🤖 AI Summary
This work addresses the challenge of achieving fine-grained semantic control in 3D facial expression editing. The authors propose a high-fidelity, view-consistent 3D face synthesis method that enables precise expression manipulation by jointly optimizing the texture latent codes of a pre-trained 3D-aware GAN and the expression parameters of a 3D Morphable Model (3DMM). Key innovations include a Dual Mappers module that disentangles texture and geometry representations, a CLIP-based text-guided optimization mechanism, and a Subspace Projection technique that facilitates fine-grained semantic control within the expression subspace. Experimental results demonstrate that the proposed approach outperforms existing methods in terms of generation quality, view consistency, and expression control accuracy.
📝 Abstract
Facial expression editing methods can be mainly categorized into two types based on their architectures: 2D-based and 3D-based methods.

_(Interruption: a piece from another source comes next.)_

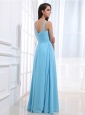 Beaded Decorate V-neck and Baby Blue For Simple Custom Made Prom Dress

The former lacks 3D face modeling capabilities, making it difficult to edit 3D factors effectively. The latter has demonstrated superior performance in generating high-quality and view-consistent renderings using single-view 2D face images. Although these methods have successfully used animatable models to control facial expressions, they still have limitations in achieving precise control over fine-grained expressions. To address this issue, in this paper, we propose a novel approach by simultaneously refining both the latent code of a pretrained 3D-Aware GAN model for texture editing and the expression code of the driven 3DMM model for mesh editing. Specifically, we introduce a Dual Mappers module, comprising Texture Mapper and Emotion Mapper, to learn the transformations of the given latent code for textures and the expression code for meshes, respectively. To optimize the Dual Mappers, we propose a Text-Guided Optimization method, leveraging a CLIP-based objective function with expression text prompts as targets, while integrating a SubSpace Projection mechanism to project the text embedding to the expression subspace such that we can have more precise control over fine-grained expressions. Extensive experiments and comparative analyses demonstrate the effectiveness and superiority of our proposed method.